Technical Note 7:	Shipboard Organic Geochemistry on JOIDES Resolution (October 1986)

Technical Note 8:	Handbook for Shipboard Sedimentologists (February 1988)

Technical Note 9:	Deep Sea Drilling Project Data File Documents (January 1988)

Technical Note 10:	A Guide to ODP Tools for Downhole Measurements (June 1988)

Technical Note 11:	Introduction to the Ocean Drilling Program (February 1989)

Technical Note 12: 	Handbook for Shipboard Paleontologists (1989)

Technical Note 14:	A Guide to Formation Testing Using ODP Drill String Packers 	(1990)

Technical Note 15:	Chemical Methods for Interstitial Water Analysis Aboard 	JOIDES Resolution  (1991)

Technical Note 16:	Hydrogen Sulfide - High Temperature Drilling Contingency 	Plan (1991)

Technical Note 17:	Design and Operation of a Wireline Pressure Core Sampler 	(PCS) (1992)

Technical Note 20: 	Science Prospectus - FY93-FY94 Atlantic Program (1993)

		       

Also available from ODP Science Operations are the following pamphlets and booklets:

• A User's Guide to the JOIDES Resolution Computer System (revised edition, November 1991)
• Instructions for Contributors to the Proceedings of the Ocean Drilling Program (revised edition, 1992)
• Ocean Drilling Program Sample Distribution Policy
• Ocean Drilling Program Guidelines for Pollution Prevention and Safety (JOIDES Journal, Volume 18, Special Issue No. 7, October 1992)
• Depth Control, Weight Indications, and Logging Cable Adaption for Third Party Tools aboard the JOIDES Resolution (June 1986)
• Micropaleontological Reference Centers (revised edition, 1992)

APPENDIX 7

USERS' GUIDE: CRYOGENIC MAGNETOMETER

Cryogenic Magnetometer Programs

A. Programs Available

The cryogenic magnetometer can be used to measure both whole core and discrete samples.

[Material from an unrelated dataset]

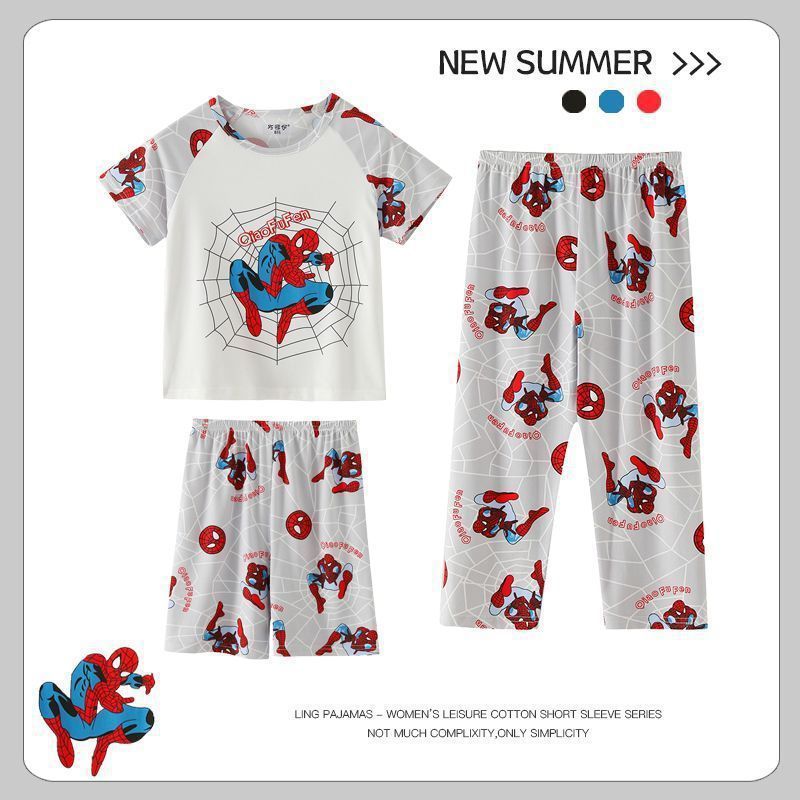 여름 어린이 잠옷 소년 짧은 소매 바지 3 조각 세트 소녀 소년 중형 및 대형 어린이 에어컨 홈 의류 도매스토어 가기

The following programs are available on the IBM PC to run the cryogenic magnetometer:

A - Cryosect This program measures whole sections.

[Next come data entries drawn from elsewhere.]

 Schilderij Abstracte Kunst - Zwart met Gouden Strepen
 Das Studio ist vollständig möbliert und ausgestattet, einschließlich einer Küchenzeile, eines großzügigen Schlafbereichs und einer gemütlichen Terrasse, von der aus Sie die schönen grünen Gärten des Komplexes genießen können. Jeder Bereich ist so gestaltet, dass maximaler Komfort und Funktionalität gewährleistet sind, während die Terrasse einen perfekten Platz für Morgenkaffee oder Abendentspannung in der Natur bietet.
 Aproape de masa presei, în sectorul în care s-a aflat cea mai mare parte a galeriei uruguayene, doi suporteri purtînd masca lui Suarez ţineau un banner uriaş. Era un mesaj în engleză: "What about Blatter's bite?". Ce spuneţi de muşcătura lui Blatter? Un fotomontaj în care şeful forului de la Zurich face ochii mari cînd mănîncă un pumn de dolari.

B - Cryocube This program measures discrete samples.

C - MAGRAPH-Data Browser Enables user to view data from all sections of the core.

B. Formatting Disks

Prior to using any of the above programs, the user must first format a high-density 3-1/2-in. diskette on which to collect data. These diskettes fit into drive A of the PC. Drives C and D are the hard disk drives for the computer. Drive B accepts 5-1/4-in. floppy disks. The following procedure shows how to format all diskettes for the IBM. (The bold lettering is what the computer will print, and the italic lettering is what you must type in.)

First, go to drive C. Press F7 in order to escape from the menu.

PROCEDURE FOR 3-1/2-in. DISKETTES
C:\FORMAT A: This formats high-density diskettes.
C:\FORMAT A:/N:9/T:80 This formats double-density diskettes.

PROCEDURE FOR 5-1/4-in. DISKS
C:\FORMAT B: This formats high-density floppy disks.
C:\FORMAT B:/4 This formats double-density floppy disks.

Check to see that the byte size is the same between total disk space and available space on the diskette or disk. If it is not, the diskette or disk is bad, and another should be used. Disks and diskettes are cheap, so use a new one for each different site/hole or shift change. Disks and diskettes are available in the lab or from the lab specialist, storekeeper, or computer specialist.

C. Running Programs

When a section is placed in the boat, make sure the top of the section is to your left. The cryo program always assumes the top to be at this point. If doing individual samples using the discrete sample boat, then Sample 1 must be in the most leftward sample position.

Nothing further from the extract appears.